What gets stored where

  • bundle.levels[:subword]:
    • token ids (tokenizer-native in :tokenizer_native, bundle-reindexed in :bundle_reindexed),
    • level vocabulary matching the selected mode,
    • document offsets for token slicing.
    • structural offsets beyond document_offsets are not currently populated on the subword corpus (byte_offsets, character_offsets, word_offsets, sentence_offsets, paragraph_offsets remain nothing).
  • bundle.extras (via accessor helpers):
    • per-document subword offsets,
    • attention masks,
    • token type ids,
    • special token masks,
    • tokenizer metadata and tokenization texts.

Alignment note:

  • Subword-only bundles do not auto-create byte/character/word alignment maps.
  • Streaming merged bundles rebuild alignments only when a :word level is present.

get_subword_metadata(bundle).tokenization_texts stores the tokenizer-view text used as the offset reference (tokenizer-normalized text).

Use accessors instead of reading extras directly:

get_subword_offsets(bundle)
get_subword_attention_mask(bundle)
get_subword_token_type_ids(bundle)
get_subword_special_tokens_mask(bundle)
get_subword_metadata(bundle)

Source forms for SubwordOptions(source = ...)

source accepts:

  • Symbol model key (e.g. :core_bpe_en)
  • local path String
  • NamedTuple model/file specification
  • KeemenaSubwords.FilesSpec
  • preloaded KeemenaSubwords.AbstractSubwordTokenizer

format is forwarded for path-based loading (for example format = :hf_tokenizer_json).


Realistic paragraph checks (recommended pattern)

For production-like validation, run pipeline parity on a multi-sentence paragraph:

  1. Clean raw docs with clean_documents.
  2. Run preprocess_corpus on raw docs and cleaned docs.
  3. Assert token ids and offsets match between both runs.
  4. Compare each document's ids/offsets/masks against direct KeemenaSubwords.encode_result(...) output.

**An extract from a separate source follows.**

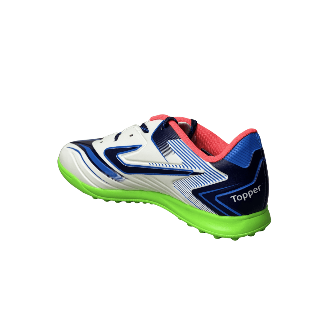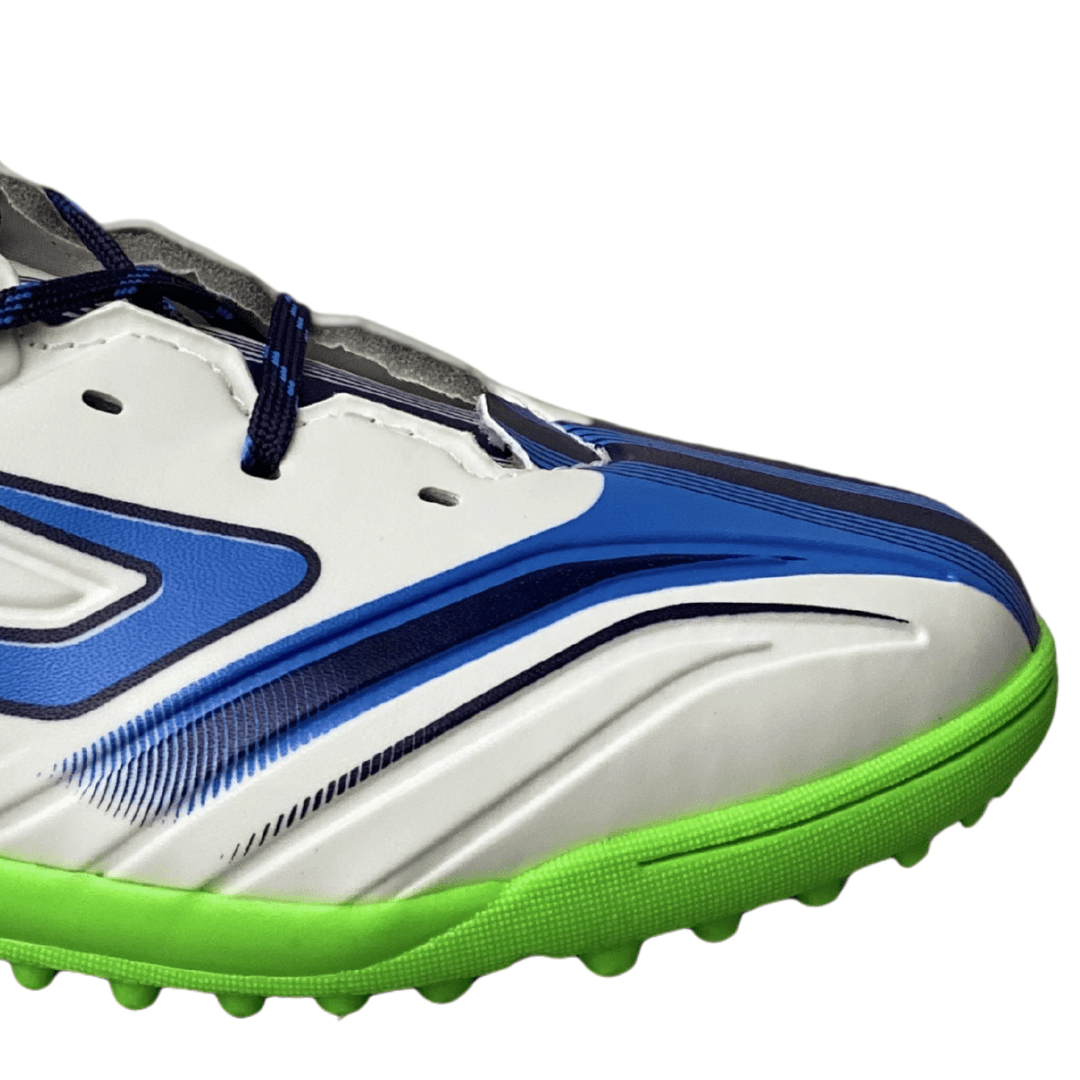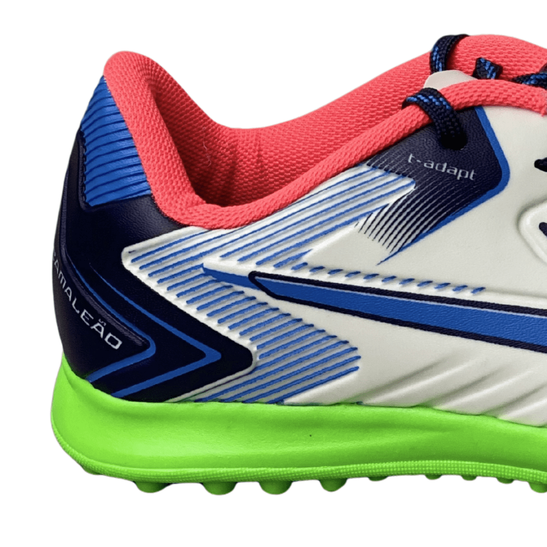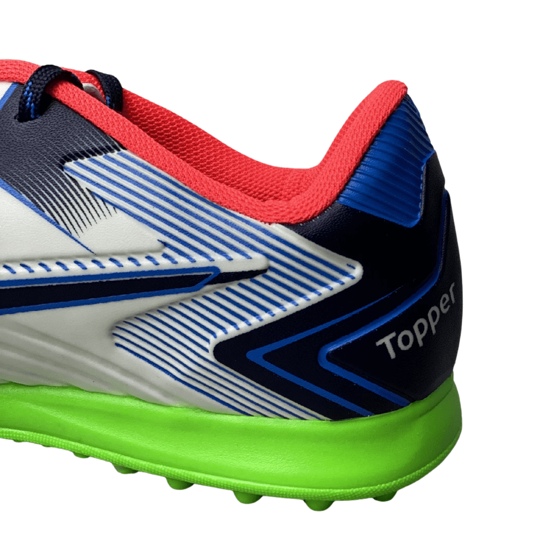 Solado: Borracha antiderrapante com tecnologia para gramados sintéticos.

This is the same pattern used in package tests for long-text subword coverage and alignment sanity.


Legacy callable bridge (still supported)

If you want full manual control through a callable tokenizer adapter, the existing path remains valid:

using KeemenaPreprocessing
using KeemenaSubwords

tok = load_tokenizer(:core_bpe_en)
cfg = PreprocessConfiguration(tokenizer_name = keemena_callable(tok))
bundle = preprocess_corpus(["hello world"]; config = cfg)

In this legacy callable path, the primary token stream remains under :word.